» **What you will do**: Wherever an image appears in the data, omit it and copy all the remaining text word for word.

== Data section ==

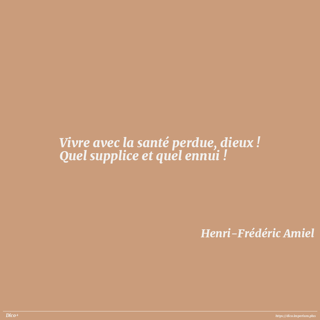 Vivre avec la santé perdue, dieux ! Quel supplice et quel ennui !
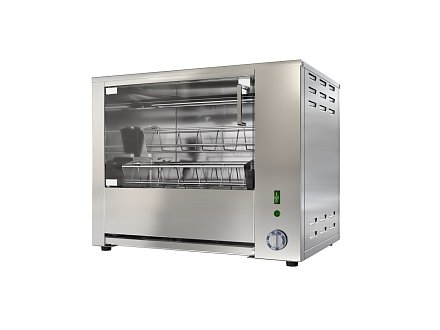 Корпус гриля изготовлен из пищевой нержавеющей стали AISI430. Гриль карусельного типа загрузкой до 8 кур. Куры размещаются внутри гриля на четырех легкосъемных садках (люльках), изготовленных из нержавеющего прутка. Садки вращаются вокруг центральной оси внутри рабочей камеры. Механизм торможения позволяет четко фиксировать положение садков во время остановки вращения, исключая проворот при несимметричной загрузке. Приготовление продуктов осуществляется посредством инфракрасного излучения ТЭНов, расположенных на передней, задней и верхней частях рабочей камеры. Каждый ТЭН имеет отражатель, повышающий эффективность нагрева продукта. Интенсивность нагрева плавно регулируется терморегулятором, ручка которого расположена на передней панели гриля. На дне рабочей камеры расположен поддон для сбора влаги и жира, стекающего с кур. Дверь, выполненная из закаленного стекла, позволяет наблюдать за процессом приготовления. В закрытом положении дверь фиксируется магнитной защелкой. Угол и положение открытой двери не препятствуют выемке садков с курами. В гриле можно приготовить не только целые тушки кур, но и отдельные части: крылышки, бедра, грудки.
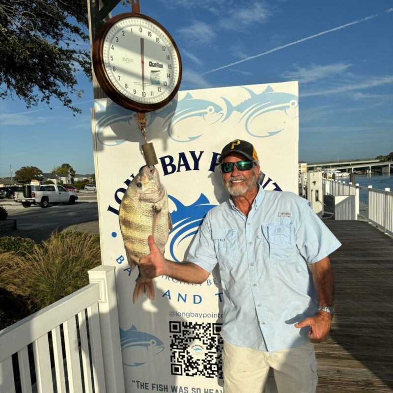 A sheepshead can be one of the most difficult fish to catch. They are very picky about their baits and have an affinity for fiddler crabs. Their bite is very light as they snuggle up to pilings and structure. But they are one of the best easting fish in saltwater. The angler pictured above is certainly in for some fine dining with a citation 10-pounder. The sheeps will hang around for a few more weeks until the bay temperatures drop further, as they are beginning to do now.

===

» **Result of the exercise**:
 Vivre avec la santé perdue, dieux ! Quel supplice et quel ennui !
 Корпус гриля изготовлен из пищевой нержавеющей стали AISI430. Гриль карусельного типа загрузкой до 8 кур. Куры размещаются внутри гриля на четырех легкосъемных садках (люльках), изготовленных из нержавеющего прутка. Садки вращаются вокруг центральной оси внутри рабочей камеры. Механизм торможения позволяет четко фиксировать положение садков во время остановки вращения, исключая проворот при несимметричной загрузке. Приготовление продуктов осуществляется посредством инфракрасного излучения ТЭНов, расположенных на передней, задней и верхней частях рабочей камеры. Каждый ТЭН имеет отражатель, повышающий эффективность нагрева продукта. Интенсивность нагрева плавно регулируется терморегулятором, ручка которого расположена на передней панели гриля. На дне рабочей камеры расположен поддон для сбора влаги и жира, стекающего с кур. Дверь, выполненная из закаленного стекла, позволяет наблюдать за процессом приготовления. В закрытом положении дверь фиксируется магнитной защелкой. Угол и положение открытой двери не препятствуют выемке садков с курами. В гриле можно приготовить не только целые тушки кур, но и отдельные части: крылышки, бедра, грудки.
 A sheepshead can be one of the most difficult fish to catch. They are very picky about their baits and have an affinity for fiddler crabs. Their bite is very light as they snuggle up to pilings and structure. But they are one of the best easting fish in saltwater. The angler pictured above is certainly in for some fine dining with a citation 10-pounder. The sheeps will hang around for a few more weeks until the bay temperatures drop further, as they are beginning to do now.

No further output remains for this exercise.